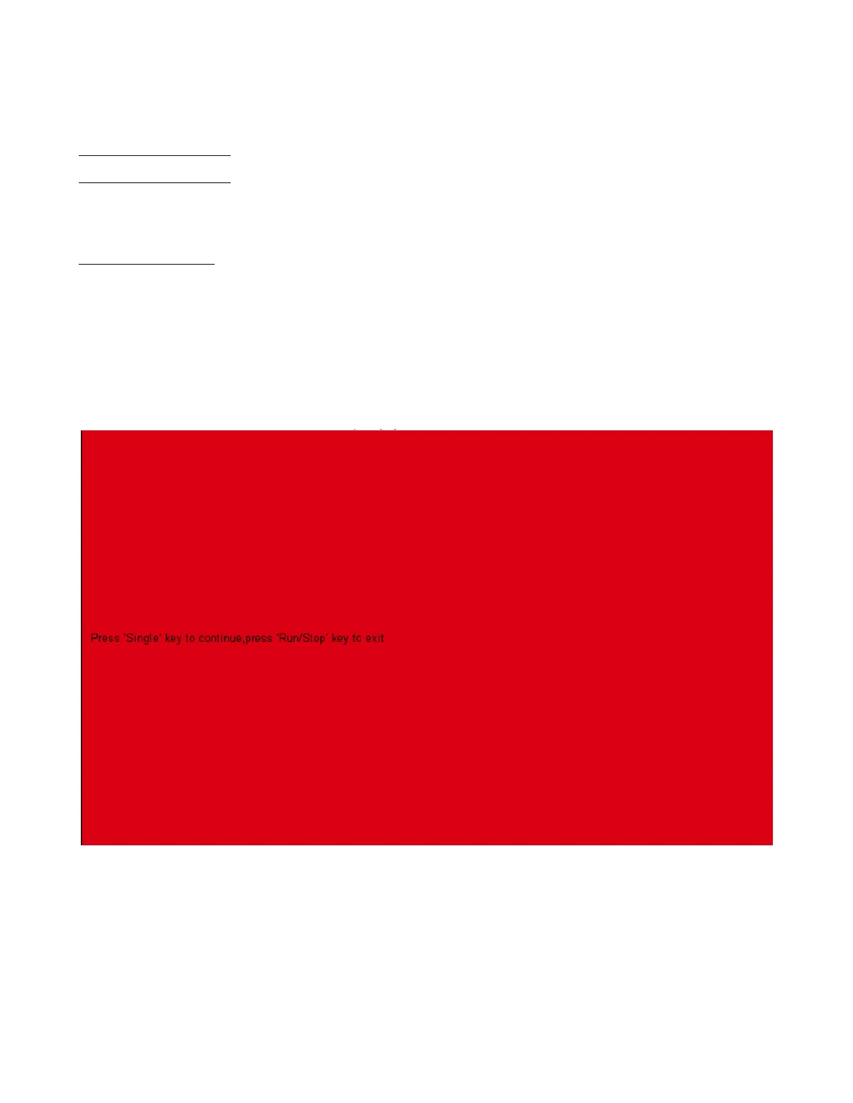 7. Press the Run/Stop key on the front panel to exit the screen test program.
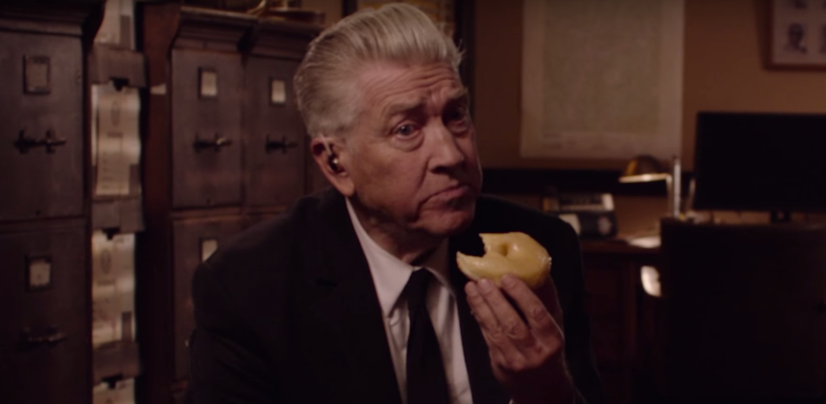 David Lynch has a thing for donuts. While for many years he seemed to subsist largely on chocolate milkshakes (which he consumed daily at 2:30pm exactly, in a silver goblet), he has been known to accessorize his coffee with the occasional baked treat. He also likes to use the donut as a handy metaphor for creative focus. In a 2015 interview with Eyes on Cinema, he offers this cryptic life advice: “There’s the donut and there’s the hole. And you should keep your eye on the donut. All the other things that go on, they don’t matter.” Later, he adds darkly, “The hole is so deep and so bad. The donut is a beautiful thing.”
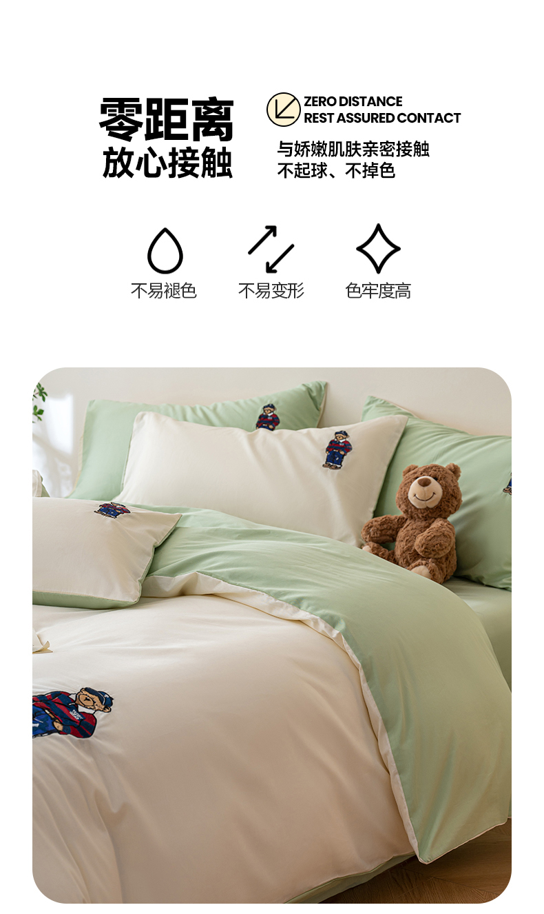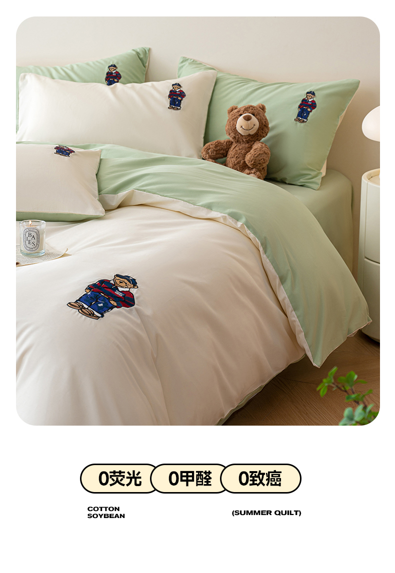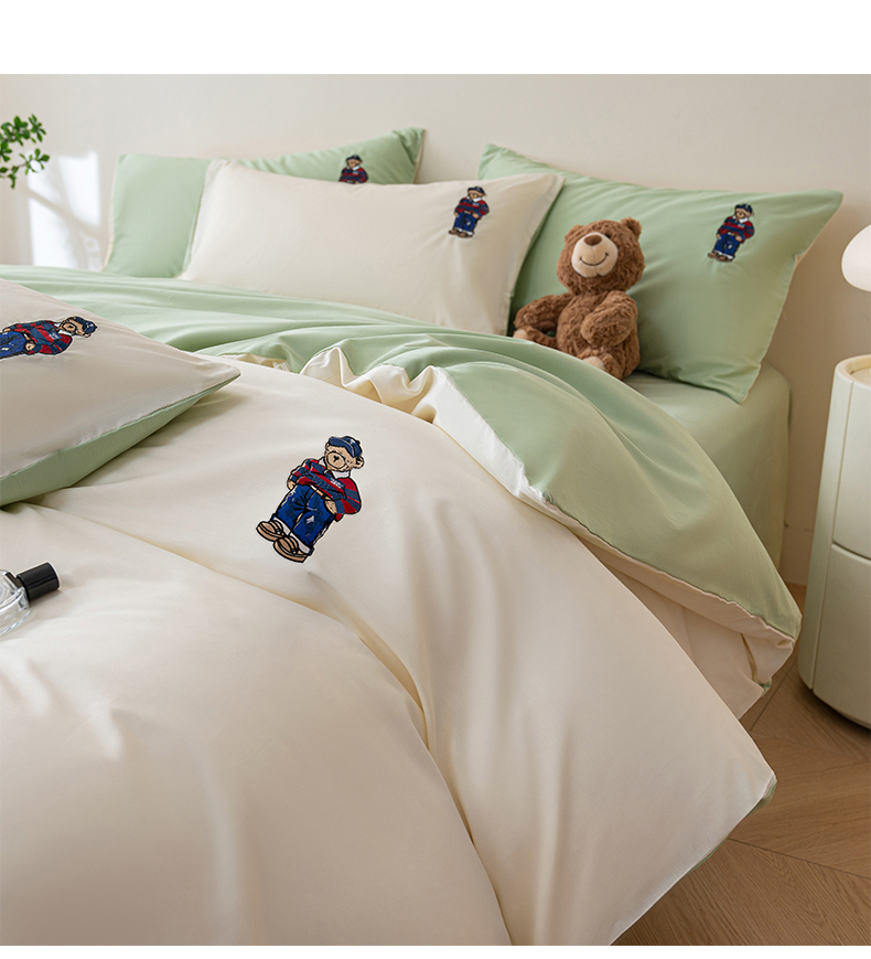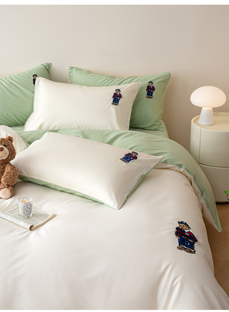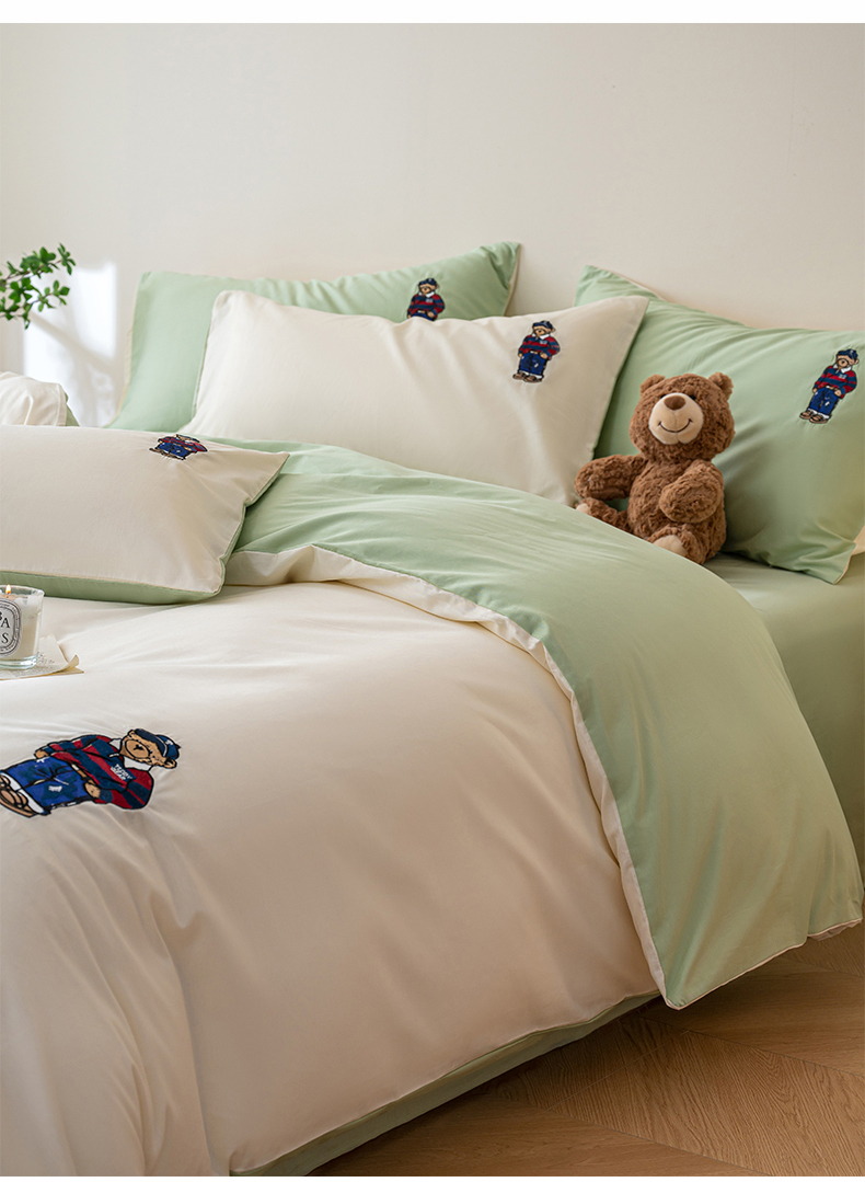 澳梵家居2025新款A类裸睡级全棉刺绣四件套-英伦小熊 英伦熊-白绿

## Task statement
An unaltered copy of the material, without images, should be set down.

## Written solution
 7. Press the Run/Stop key on the front panel to exit the screen test program.
 David Lynch has a thing for donuts. While for many years he seemed to subsist largely on chocolate milkshakes (which he consumed daily at 2:30pm exactly, in a silver goblet), he has been known to accessorize his coffee with the occasional baked treat. He also likes to use the donut as a handy metaphor for creative focus. In a 2015 interview with Eyes on Cinema, he offers this cryptic life advice: “There’s the donut and there’s the hole. And you should keep your eye on the donut. All the other things that go on, they don’t matter.” Later, he adds darkly, “The hole is so deep and so bad. The donut is a beautiful thing.”
 澳梵家居2025新款A类裸睡级全棉刺绣四件套-英伦小熊 英伦熊-白绿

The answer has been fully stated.